2) Kondisi yang bervariasi (apa yang dapat berubah)
- Cakupan yurisdiksi dan status saat ini.
- Kondisi harga dan eksekusi seperti spread, biaya, dan perilaku penanganan pesanan.
- Detail implementasi yang bergantung pada sistem penyedia.
Jika evaluasi mencampurkan hal-hal ini, Anda mungkin menerima pernyataan “benar secara prinsip” seolah-olah pernyataan itu berlaku untuk situasi spesifik yang Anda pedulikan.
Bukti dan dokumen yang perlu diperiksa (afvinkpunten)
Ketika klaim melibatkan entitas atau status regulasi, andalkan dokumen yang dapat Anda verifikasi secara independen. Kategori umum yang perlu dicari adalah:
- Bukti identitas dan cakupan
- Nama hukum yang tepat.
- Yurisdiksi yang dinyatakan.
- Aktivitas spesifik yang dicakup (apa yang diizinkan dilakukan entitas tersebut, dan dalam kondisi apa).
- Akuntabilitas dan aturan
- Materi pengawasan atau otorisasi publik (jika berlaku).
- Pengungkapan yang mendefinisikan tanggung jawab dan jalur eskalasi.
- Dokumentasi operasional
- Deskripsi penanganan atau eksekusi pesanan (bagaimana pesanan diproses).
- Pengungkapan biaya dan biaya-biaya, dinyatakan dengan jelas dan konsisten.
- Pengungkapan terkait risiko
- Batasan layanan, skenario yang dapat menghentikan atau membatasi aktivitas, dan kondisi di mana kewajiban dapat berbeda.
Untuk setiap dokumen yang Anda temukan, catat pernyataan kunci dengan kata-kata Anda sendiri dan catat apa yang perlu benar agar klaim tersebut dapat diandalkan.
Bukti itikad baik: bukti vs. bahasa pemasaran
Mode kegagalan yang umum adalah memperlakukan kata-kata yang meyakinkan sebagai bukti kepatuhan atau keamanan.
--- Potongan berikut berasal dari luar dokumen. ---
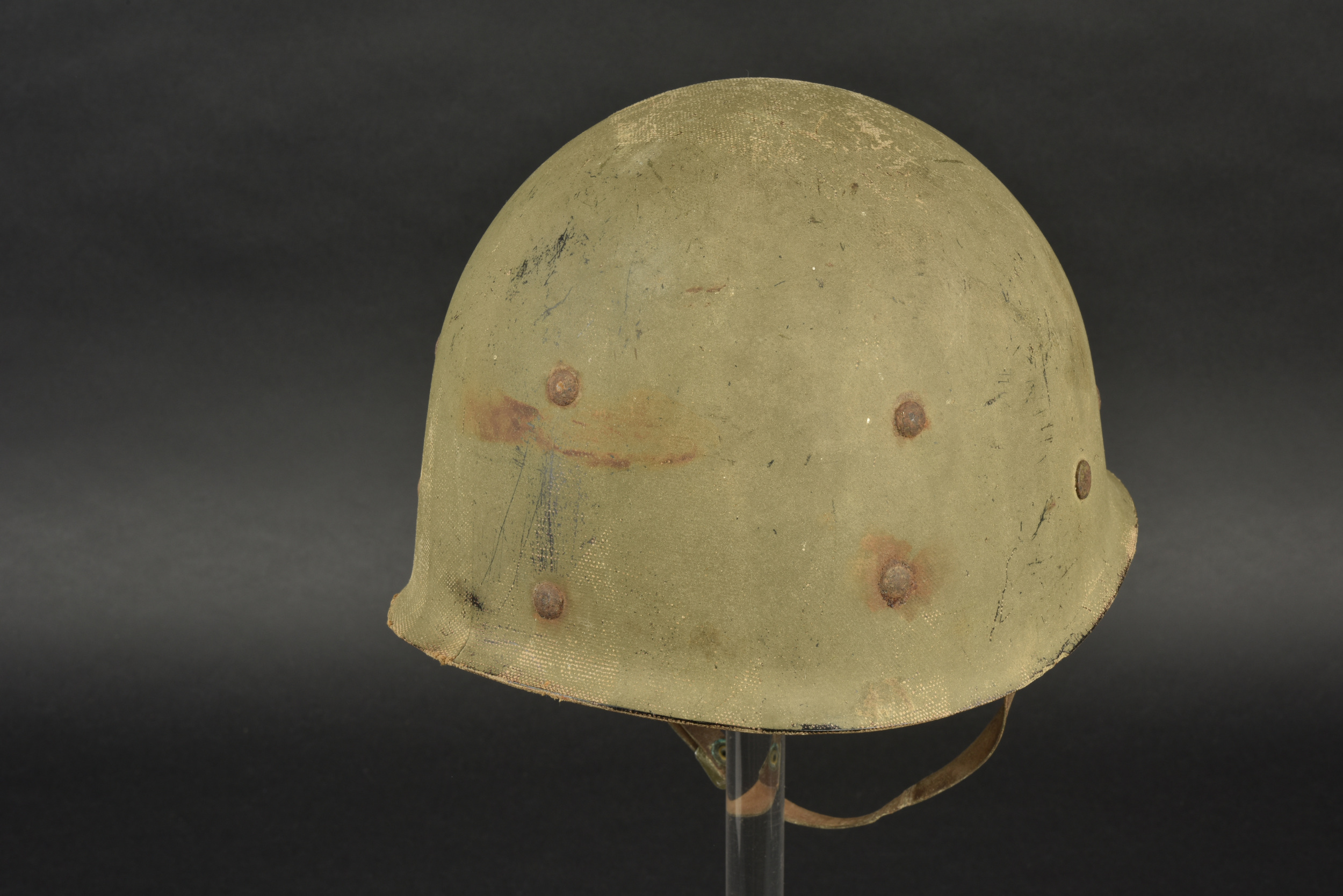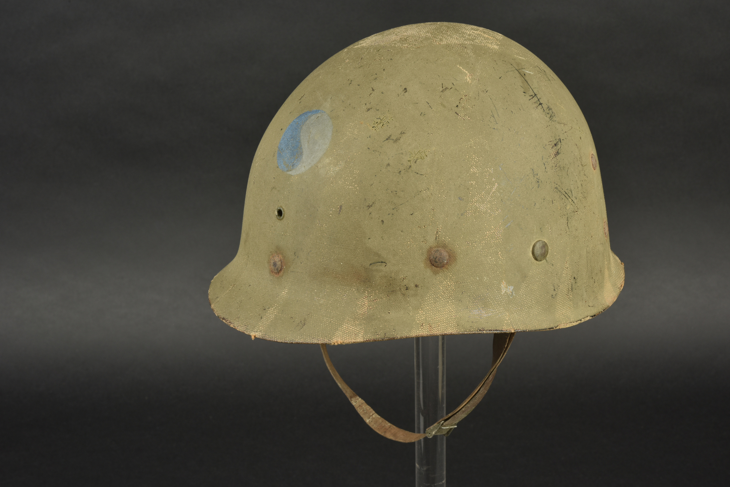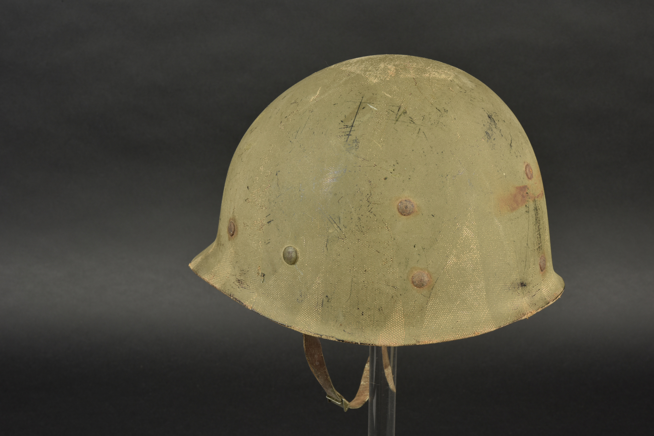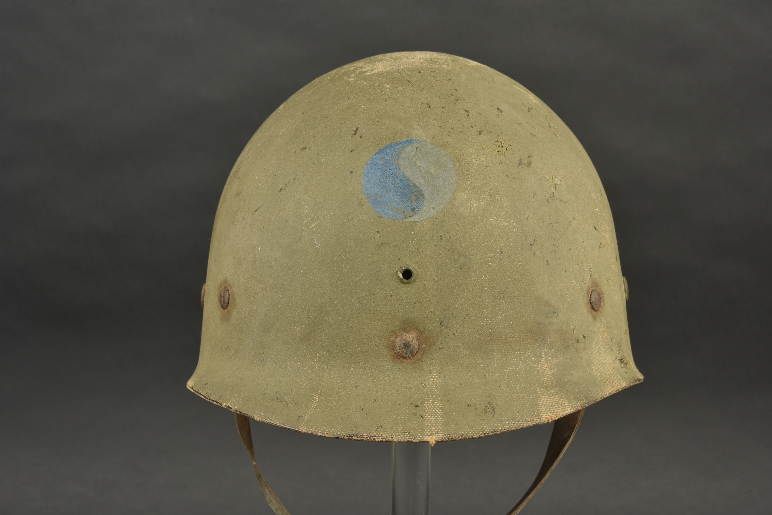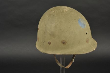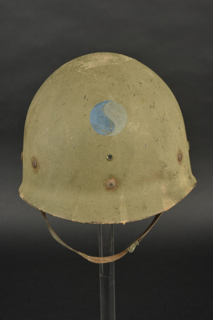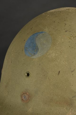 Liner de la 29ème DI US. Liner en matériaux composite haute pression. Fabrication Capac. La coiffe interne est complètement absente. Seule certaines parties métalliques sont encore présentes, mais fortement oxydées. Jugulaire en cuir complète, fabrication United. Peinture externe à 70%. Insigne de la 29ème DI US à 75%. A noter une certaine usure et patine de la pièce. Etat II+.

Sebagai pemeriksaan “bewijs of document,” tanyakan apakah pernyataan tersebut:
- Seperti proposisi (menggambarkan proses yang dapat Anda verifikasi), atau
- Seperti hasil (menyiratkan hasil yang protektif).
Bahasa yang seperti hasil lebih sulit diverifikasi karena bergantung pada banyak variabel yang berubah (kondisi pasar, biaya, kualitas eksekusi, dan yurisdiksi). Utamakan proposisi yang menunjuk pada dokumen dan definisi yang dapat diverifikasi.
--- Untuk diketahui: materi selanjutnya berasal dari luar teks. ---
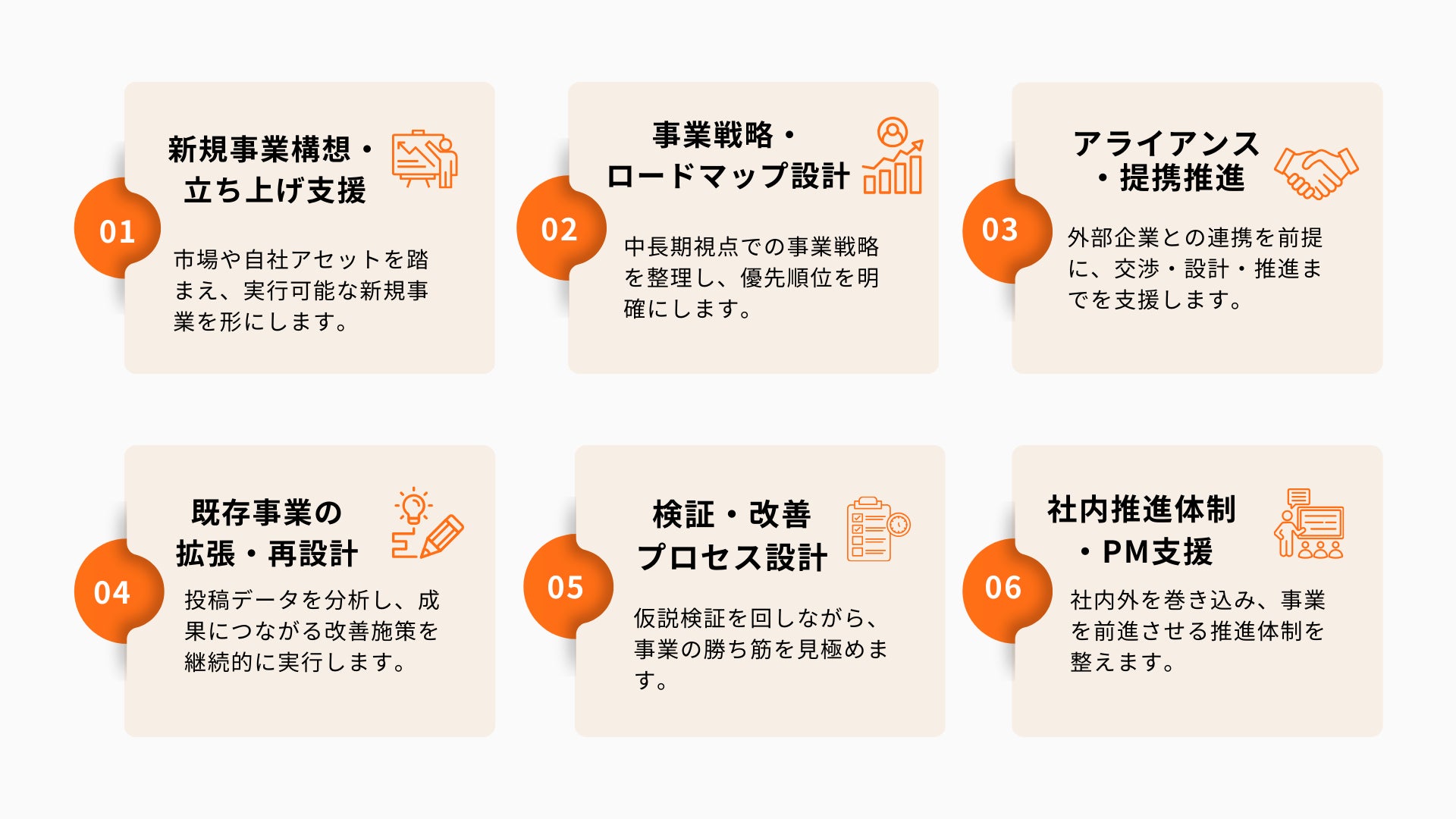 専門領域に特化した人材によるコンサルや壁打ちから、社内のスタッフと施策を進める伴走支援型のマネジメントまでご要望に沿った関わり方での支援が可能です。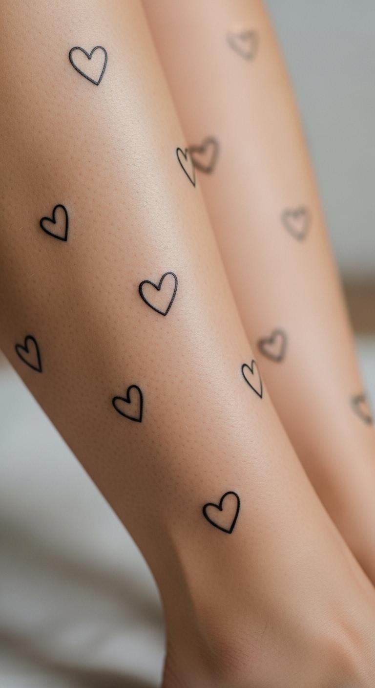 Heart tattoos keep things sweet. Outlines on the leg are subtle. Hide or show as you like. Draw with markers first. This home step is easy. Find deals for under $40. Use single lines. These symbolize love. Add to collections over time. It’s affordable and endearing.

Rode vlaggen dan keterbatasan material (mode kegagalan)
Setidaknya satu keterbatasan realistis adalah bahwa meskipun dokumentasi ada, itu tidak menjamin bagaimana sistem berperilaku di bawah tekanan. Pertimbangkan “keterbatasan material” ini saat mengevaluasi klaim apa pun yang terkait dengan ASIC:
- Ketidaksesuaian eksekusi dan biaya: Perdagangan nyata melibatkan likuiditas dan slippage; contoh yang dipublikasikan mungkin tidak mencerminkan semua kondisi.
- Risiko kompleksitas dan interpretasi: Istilah hukum atau teknis dapat diinterpretasikan secara berbeda di berbagai yurisdiksi atau versi.
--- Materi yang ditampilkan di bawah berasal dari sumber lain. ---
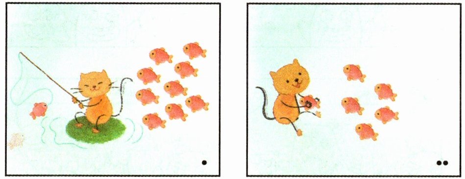 1 “手指画”乐园里有许多有趣的故事,先说一说图中的故事,再算一算小猫已经吃掉了几条鱼。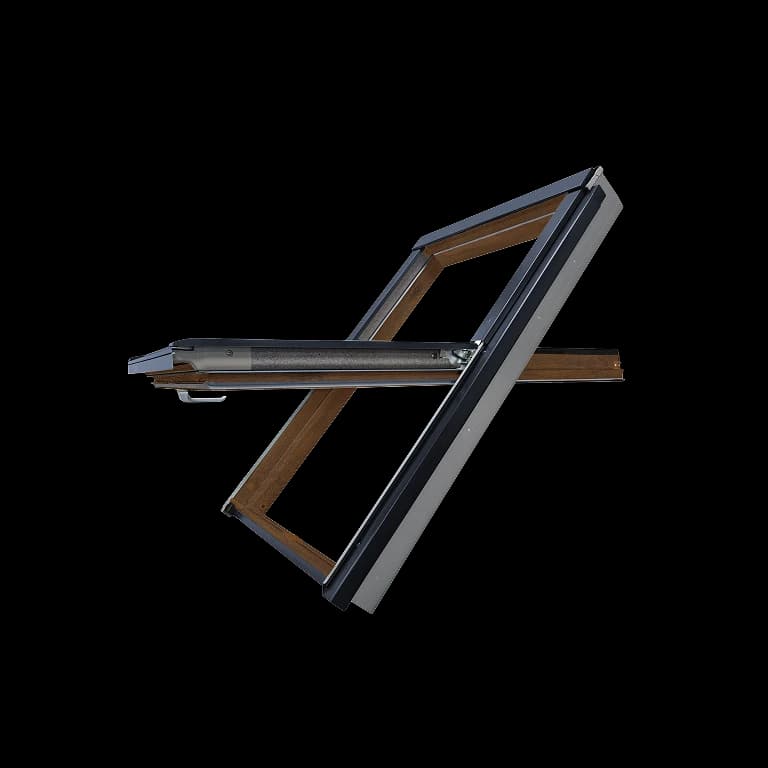 System obrotowego otwierania z zawiasem w połowie wysokości sprawia, że wietrzenie i mycie szyb jest proste i wygodne. Skrzydło porusza się płynnie i stabilnie, a precyzyjny mechanizm naprowadzający pozwala na lekkie i bezproblemowe zamykanie. Ergonomiczna klamka umożliwia intuicyjną obsługę, a blokada skrzydła w pozycji 180° pozwala bezpiecznie umyć zewnętrzną szybę od wewnątrz poddasza. To funkcjonalne rozwiązanie gwarantuje codzienny komfort użytkowania.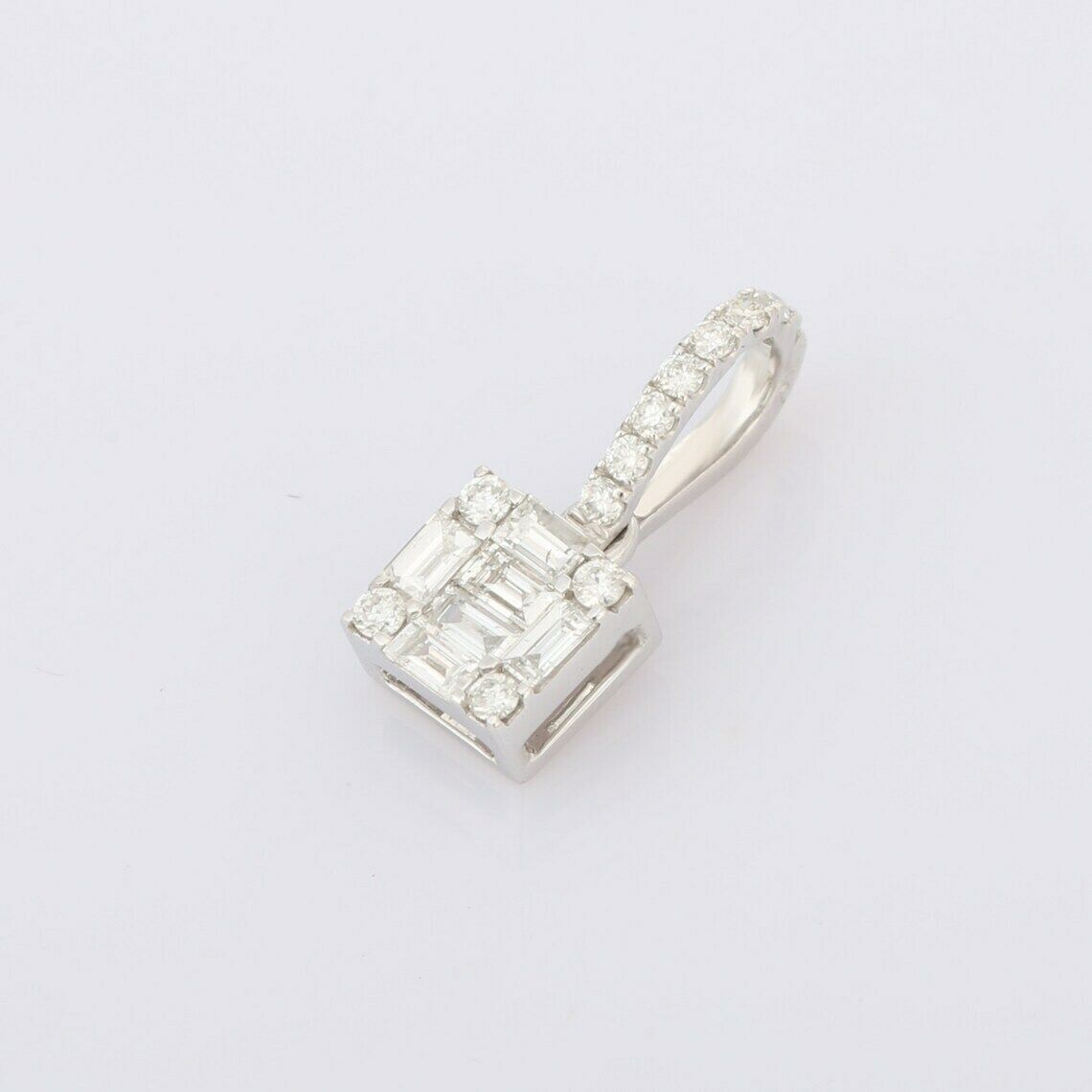 2ct Diamond Pendant Baguette Cut Geometric 14k White Gold Finish NO CHAIN

- Pengecualian operasional: Sistem dapat berperilaku berbeda selama gangguan, pasar cepat, atau perubahan kebijakan.
- Kesenjangan cakupan yurisdiksi: Sebuah klaim mungkin berlaku untuk satu aktivitas atau entitas tetapi tidak untuk apa yang Anda rencanakan.
Sebuah klaarcriterium untuk keandalan adalah apakah Anda dapat menelusuri setiap klaim penting ke definisi atau dokumen yang dapat diidentifikasi, dan apakah dokumen tersebut secara jelas mencakup cakupan yang sama dengan yang Anda pedulikan.
Daftar periksa verifikasi: pertanyaan Anda selanjutnya
Untuk memverifikasi secara independen, selesaikan langkah-langkah ini tanpa mengasumsikan hasil:
- Konfirmasikan arti kepanjangan dari “ASIC” dan identifikasi entitas/mekanisme persis yang dirujuk.
- Kumpulkan dokumen spesifik yang mendefinisikan cakupan, aturan, dan perilaku operasional.
- Periksa apakah kondisi biaya dan eksekusi dinyatakan sebagai mekanisme, bukan sebagai hasil yang dijamin.
- Identifikasi setidaknya satu skenario di mana sistem atau layanan dapat gagal atau berperilaku berbeda dari yang diharapkan.
Jika Anda tidak dapat menjawab pertanyaan-pertanyaan ini dengan materi yang dapat diverifikasi, perlakukan informasi tersebut sebagai tidak lengkap, bukan benar.
Catatan verifikasi tentang ketidakpastian
Tidak ada metode yang dapat menghilangkan ketidakpastian sepenuhnya.